Bespreking uit Vuursteen winter 2011
Een kopje haiku door Walter Vereertbrugghen
Willy Cuvelier, Haiku – Luchtbellen in een kopje haiku
Uitgave H-kA
ISBN: 978-90-75714-58-6
180 pagina’s
Ik herinner mij de tijd dat Willy Cuvelier de vier volumes van Blyth intensief aan het lezen was. Toen begon hij de verzen te vertalen. Het wikken en wegen, de manier om iets te verwoorden, het zoeken naar evenwicht tussen inhoud en poëtische zeggingskracht; hij hield er zich toen al mee bezig.
Het was niet verwonderlijk dat hij na kennismaking met De Lukraker het initiatief nam om via dit tijdschrift, waarvan de inhoud voornamelijk bestaat uit door de lezers ingezonden stukken, het begrip haiku te populariseren. Met vertrouwde regelmaat verscheen er een stukje van zijn hand, telkens weer een ander aspect van haiku in beeld brengend. In ‘Een kopje haiku’ kunnen we genieten van deze artikels. De als voorbeeld aangehaalde verzen zijn meestal geschreven door Japanners, maar ook westerse auteurs komen aan bod. Doorbladeren we even?
Nee, het zijn niet de 99 Luftballons van Nena die overzweven, het zijn wel net iets meer dan zestig luchtbellen in een kopje thee. De auteur refereert hiermee naar een passage uit Haiku – Een jonge maan van J. van Tooren. Zij schreef verkeerdelijk dat de dichtersnaam Issa betekende, en ik citeer: ‘Eén thee, of eigenlijk: de luchtbel in een kopje thee, omdat het leven ledig is als een luchtbel.’ Maar Issa, betekent niets meer dan: één thee.

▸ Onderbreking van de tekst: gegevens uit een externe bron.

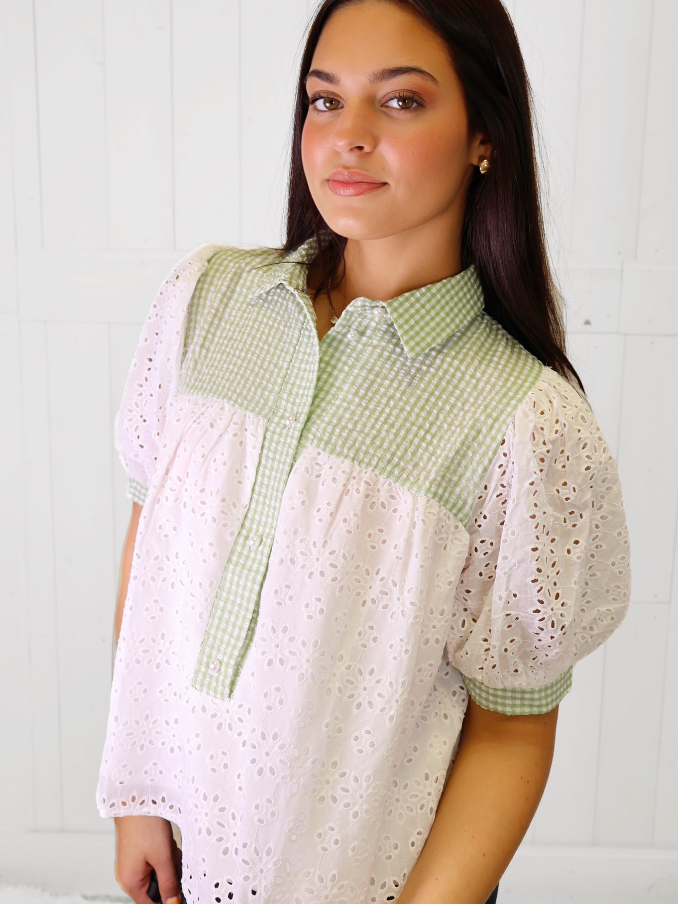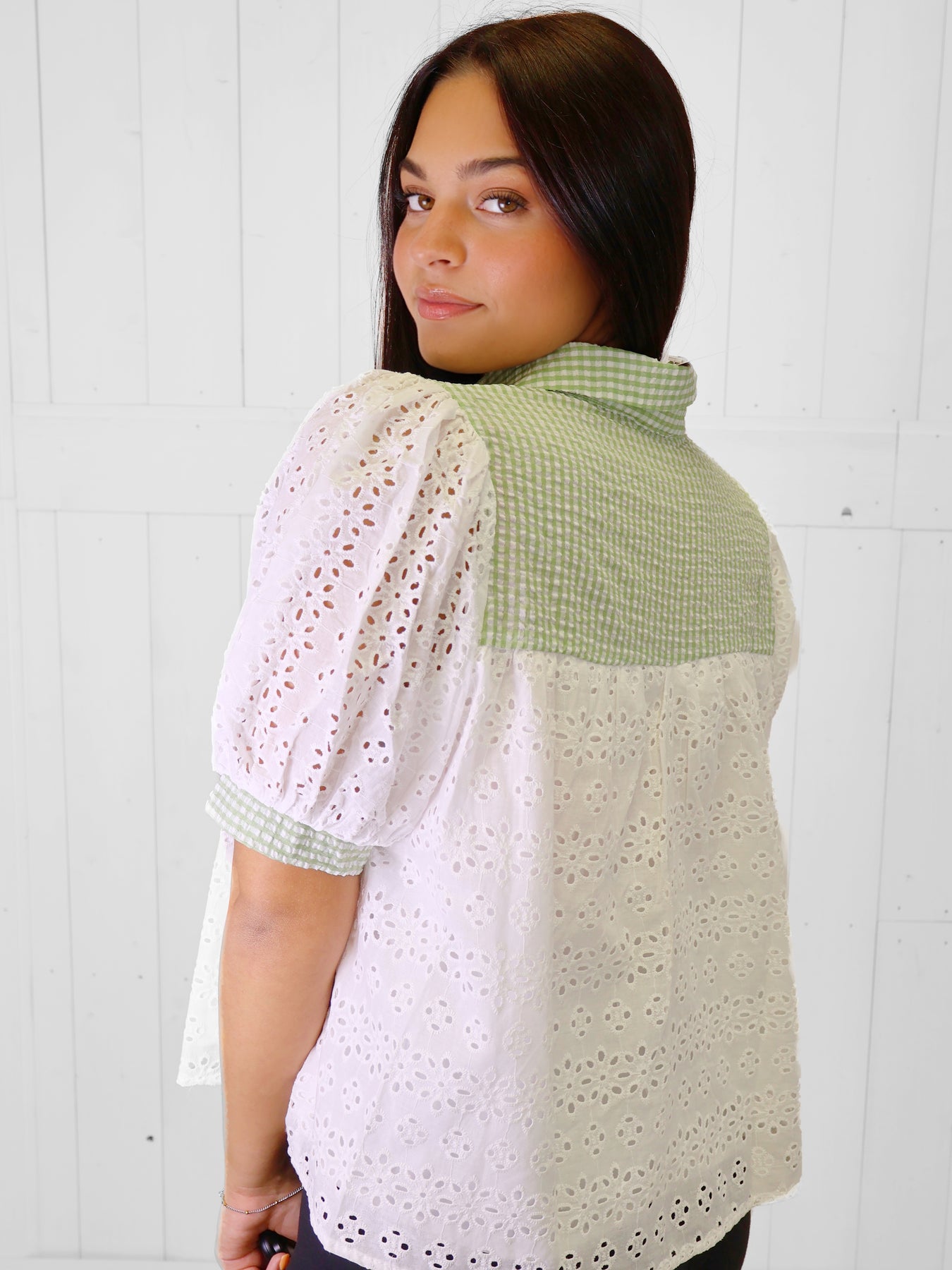This Fantastic Fawn white and sage top features a refreshing color combination that adds a touch of sophistication to any outfit. The white and sage hues complement each other perfectly, creating a versatile piece that can be dressed up or down. Experience the benefits of effortless style and versatility with this top.

Terug naar deze bundel. Willy Cuvelier gebruikt het beeld van de luchtbel vooral om hulde te brengen aan Issa, maar ook om aan te duiden dat zijn eigen bijdrage niet meer voorstelt dan wat luchtbellen. Hoe het ook zij, ze komen niet alleen de spijsvertering ten goede, maar komen tevens tegemoet aan de dorst naar kennis van de geëngageerde haikulezer.
Enkele opvallende titels van onderwerpen: kinderverdriet, armoede en rijkdom, dodenherdenking, de sauspan, sprookjes in haiku, de vondeling, theeceremonie, knieën. De auteur wijdt er telkens een luchtbel aan, met treffende voorbeelden.
Hun armoede gewoon,
samen in de avondkoelte.
Het ver gehucht.
Issa
Er wordt aandacht besteed aan taalgerelateerde aspecten: de juxtapositie, kleur je haiku, de tijd in haiku, de ruimte in haiku en haiku in de ruimte, poëzie in gewone dingen, 5-7-5, synesthesie; stuk na stuk visitekaartjes van iemand die weet waar hij mee bezig is.
Rood geverfd
door de zonsondergang
de krab en de zee.
Takayoshi Koyama
Er is ook een beknopte lijst beschikbaar met Japanse termen. De moeilijke begrippen ‘wabi’ en ‘sabi’ bijvoorbeeld staan er kort, maar duidelijk omschreven.
Uit elke bladzijde spreekt liefde voor haikugedichtjes, en respect en bewondering voor wie ze geschreven heeft. Willy, zo kennen we hem.